#### [Task to carry out]
The answer is to be the lines below that lie between the line holding "Section 5.02 Buyer’s" and the line holding "your each day.", inclusive, transcribed exactly and free of pictures.

#### [Dataset excerpts]

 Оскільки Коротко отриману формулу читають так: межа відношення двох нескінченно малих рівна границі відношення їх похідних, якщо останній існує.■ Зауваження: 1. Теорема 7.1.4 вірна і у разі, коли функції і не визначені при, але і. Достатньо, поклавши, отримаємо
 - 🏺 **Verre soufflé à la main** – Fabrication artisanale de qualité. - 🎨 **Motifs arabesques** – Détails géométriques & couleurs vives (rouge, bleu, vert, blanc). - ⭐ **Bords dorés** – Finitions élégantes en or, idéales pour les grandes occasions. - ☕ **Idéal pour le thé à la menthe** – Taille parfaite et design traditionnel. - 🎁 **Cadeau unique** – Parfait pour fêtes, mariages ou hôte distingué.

...

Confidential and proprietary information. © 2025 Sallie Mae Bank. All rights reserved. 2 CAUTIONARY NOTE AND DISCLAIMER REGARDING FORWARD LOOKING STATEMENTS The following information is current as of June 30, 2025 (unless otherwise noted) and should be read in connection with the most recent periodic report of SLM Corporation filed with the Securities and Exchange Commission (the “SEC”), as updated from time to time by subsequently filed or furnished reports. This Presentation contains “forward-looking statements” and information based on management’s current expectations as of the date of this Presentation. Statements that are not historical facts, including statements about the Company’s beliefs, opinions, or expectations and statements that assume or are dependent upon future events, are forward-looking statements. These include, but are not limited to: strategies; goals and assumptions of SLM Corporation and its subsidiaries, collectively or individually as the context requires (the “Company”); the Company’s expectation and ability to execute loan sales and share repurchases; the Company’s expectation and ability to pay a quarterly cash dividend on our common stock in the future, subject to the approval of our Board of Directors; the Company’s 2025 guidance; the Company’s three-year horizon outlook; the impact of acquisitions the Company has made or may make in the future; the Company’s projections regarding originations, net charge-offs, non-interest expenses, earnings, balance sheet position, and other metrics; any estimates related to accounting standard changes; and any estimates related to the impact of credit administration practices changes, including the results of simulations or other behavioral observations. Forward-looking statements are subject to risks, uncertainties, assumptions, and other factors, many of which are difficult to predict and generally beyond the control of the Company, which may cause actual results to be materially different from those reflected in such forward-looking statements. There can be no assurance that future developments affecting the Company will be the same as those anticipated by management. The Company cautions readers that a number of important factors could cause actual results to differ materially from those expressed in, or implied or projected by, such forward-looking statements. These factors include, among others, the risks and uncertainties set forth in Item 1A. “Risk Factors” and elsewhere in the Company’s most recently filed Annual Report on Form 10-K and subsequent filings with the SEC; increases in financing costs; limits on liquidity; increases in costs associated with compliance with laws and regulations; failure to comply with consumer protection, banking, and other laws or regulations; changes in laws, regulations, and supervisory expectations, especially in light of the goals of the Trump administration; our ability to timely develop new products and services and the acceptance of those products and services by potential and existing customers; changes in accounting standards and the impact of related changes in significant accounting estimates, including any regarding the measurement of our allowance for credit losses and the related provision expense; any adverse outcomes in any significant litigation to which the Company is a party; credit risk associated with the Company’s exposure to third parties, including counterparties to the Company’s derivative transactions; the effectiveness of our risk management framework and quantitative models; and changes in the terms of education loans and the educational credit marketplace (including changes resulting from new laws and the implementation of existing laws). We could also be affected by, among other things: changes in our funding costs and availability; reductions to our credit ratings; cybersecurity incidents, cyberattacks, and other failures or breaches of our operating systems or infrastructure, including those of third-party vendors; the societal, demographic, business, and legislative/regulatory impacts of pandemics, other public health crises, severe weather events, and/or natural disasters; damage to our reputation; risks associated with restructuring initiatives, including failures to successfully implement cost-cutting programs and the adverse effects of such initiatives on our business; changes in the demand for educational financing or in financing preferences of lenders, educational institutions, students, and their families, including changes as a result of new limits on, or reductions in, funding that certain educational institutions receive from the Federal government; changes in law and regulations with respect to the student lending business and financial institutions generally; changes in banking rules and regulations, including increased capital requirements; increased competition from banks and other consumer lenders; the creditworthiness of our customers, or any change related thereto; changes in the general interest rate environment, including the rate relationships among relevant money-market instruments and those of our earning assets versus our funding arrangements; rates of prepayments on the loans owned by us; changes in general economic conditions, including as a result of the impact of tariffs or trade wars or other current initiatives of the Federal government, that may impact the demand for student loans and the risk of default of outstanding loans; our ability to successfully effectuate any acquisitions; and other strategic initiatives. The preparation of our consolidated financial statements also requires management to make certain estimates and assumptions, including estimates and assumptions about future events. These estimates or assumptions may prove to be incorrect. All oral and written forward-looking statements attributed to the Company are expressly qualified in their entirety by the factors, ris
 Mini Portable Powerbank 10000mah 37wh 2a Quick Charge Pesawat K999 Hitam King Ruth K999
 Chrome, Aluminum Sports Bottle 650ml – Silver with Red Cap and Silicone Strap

--

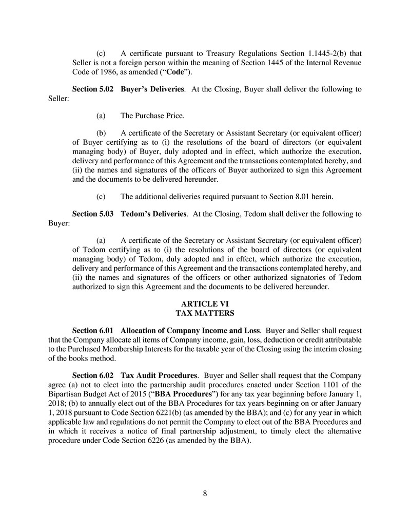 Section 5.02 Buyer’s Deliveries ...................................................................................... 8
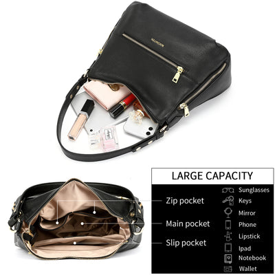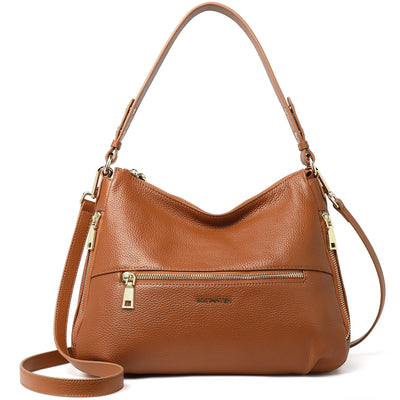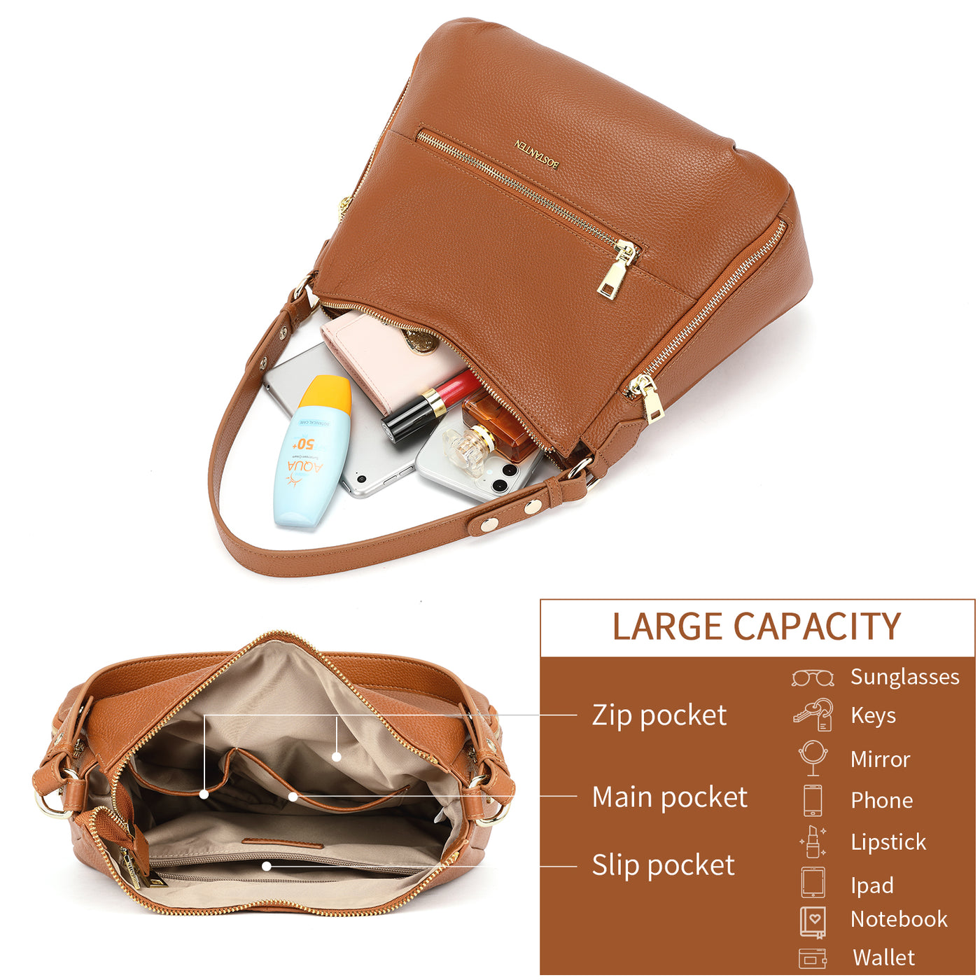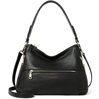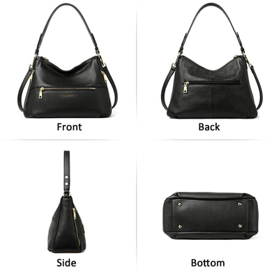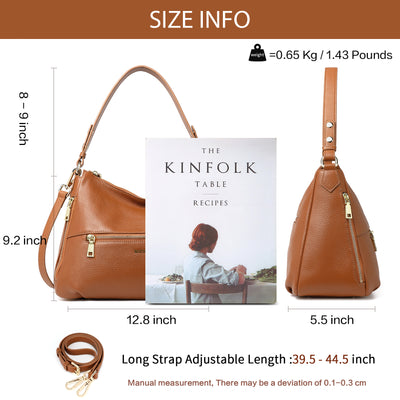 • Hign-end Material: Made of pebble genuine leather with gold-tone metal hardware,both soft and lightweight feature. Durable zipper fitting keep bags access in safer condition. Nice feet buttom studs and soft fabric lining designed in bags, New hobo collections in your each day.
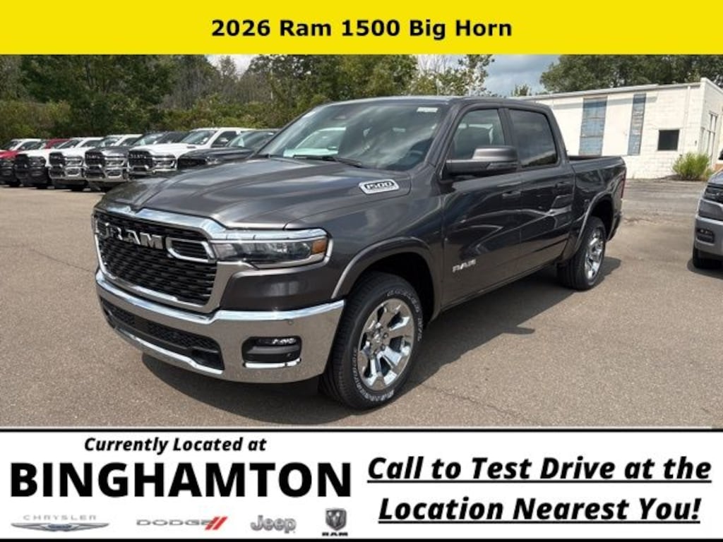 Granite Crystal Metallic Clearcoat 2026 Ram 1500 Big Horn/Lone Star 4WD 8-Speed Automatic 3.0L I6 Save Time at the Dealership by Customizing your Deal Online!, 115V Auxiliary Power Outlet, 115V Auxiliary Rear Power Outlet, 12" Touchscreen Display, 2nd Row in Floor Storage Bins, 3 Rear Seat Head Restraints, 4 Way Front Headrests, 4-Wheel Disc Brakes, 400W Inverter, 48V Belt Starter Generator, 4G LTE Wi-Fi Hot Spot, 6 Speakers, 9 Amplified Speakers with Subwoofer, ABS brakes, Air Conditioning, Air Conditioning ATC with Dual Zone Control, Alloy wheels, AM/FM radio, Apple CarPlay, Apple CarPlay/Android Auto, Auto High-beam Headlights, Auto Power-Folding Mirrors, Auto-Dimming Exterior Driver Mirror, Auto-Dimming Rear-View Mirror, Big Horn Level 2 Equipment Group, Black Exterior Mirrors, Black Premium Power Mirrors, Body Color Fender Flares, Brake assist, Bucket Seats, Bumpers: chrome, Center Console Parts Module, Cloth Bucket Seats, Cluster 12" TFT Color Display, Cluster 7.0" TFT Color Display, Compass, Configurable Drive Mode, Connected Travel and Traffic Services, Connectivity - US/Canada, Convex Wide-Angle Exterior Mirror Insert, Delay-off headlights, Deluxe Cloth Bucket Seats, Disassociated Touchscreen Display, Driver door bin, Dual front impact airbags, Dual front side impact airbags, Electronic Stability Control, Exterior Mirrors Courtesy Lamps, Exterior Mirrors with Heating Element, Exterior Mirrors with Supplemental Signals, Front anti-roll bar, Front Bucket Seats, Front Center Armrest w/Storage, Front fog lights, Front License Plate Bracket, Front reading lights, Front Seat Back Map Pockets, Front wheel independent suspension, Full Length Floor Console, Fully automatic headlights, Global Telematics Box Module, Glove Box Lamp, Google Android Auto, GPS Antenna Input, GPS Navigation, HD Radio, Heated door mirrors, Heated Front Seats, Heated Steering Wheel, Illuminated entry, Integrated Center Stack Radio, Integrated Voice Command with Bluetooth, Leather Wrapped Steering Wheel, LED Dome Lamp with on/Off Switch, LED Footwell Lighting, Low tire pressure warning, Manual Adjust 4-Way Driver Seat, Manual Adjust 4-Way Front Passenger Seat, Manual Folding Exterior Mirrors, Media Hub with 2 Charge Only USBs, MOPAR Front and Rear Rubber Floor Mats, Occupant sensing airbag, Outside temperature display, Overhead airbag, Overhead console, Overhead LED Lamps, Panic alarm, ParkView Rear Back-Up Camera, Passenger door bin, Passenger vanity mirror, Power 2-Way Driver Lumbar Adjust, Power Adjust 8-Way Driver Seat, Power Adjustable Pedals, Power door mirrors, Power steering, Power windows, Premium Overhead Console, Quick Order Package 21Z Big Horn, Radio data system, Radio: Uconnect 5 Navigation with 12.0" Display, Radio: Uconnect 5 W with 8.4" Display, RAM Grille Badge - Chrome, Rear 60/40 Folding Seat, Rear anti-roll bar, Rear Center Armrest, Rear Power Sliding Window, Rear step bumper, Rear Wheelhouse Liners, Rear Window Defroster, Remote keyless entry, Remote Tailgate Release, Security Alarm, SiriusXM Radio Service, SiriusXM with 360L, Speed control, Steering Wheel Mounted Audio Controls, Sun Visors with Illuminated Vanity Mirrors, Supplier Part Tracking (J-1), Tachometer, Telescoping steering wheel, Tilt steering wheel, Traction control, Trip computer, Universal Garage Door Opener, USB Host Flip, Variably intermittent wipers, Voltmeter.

#### [Written solution]
 Section 5.02 Buyer’s Deliveries ...................................................................................... 8
 • Hign-end Material: Made of pebble genuine leather with gold-tone metal hardware,both soft and lightweight feature. Durable zipper fitting keep bags access in safer condition. Nice feet buttom studs and soft fabric lining designed in bags, New hobo collections in your each day.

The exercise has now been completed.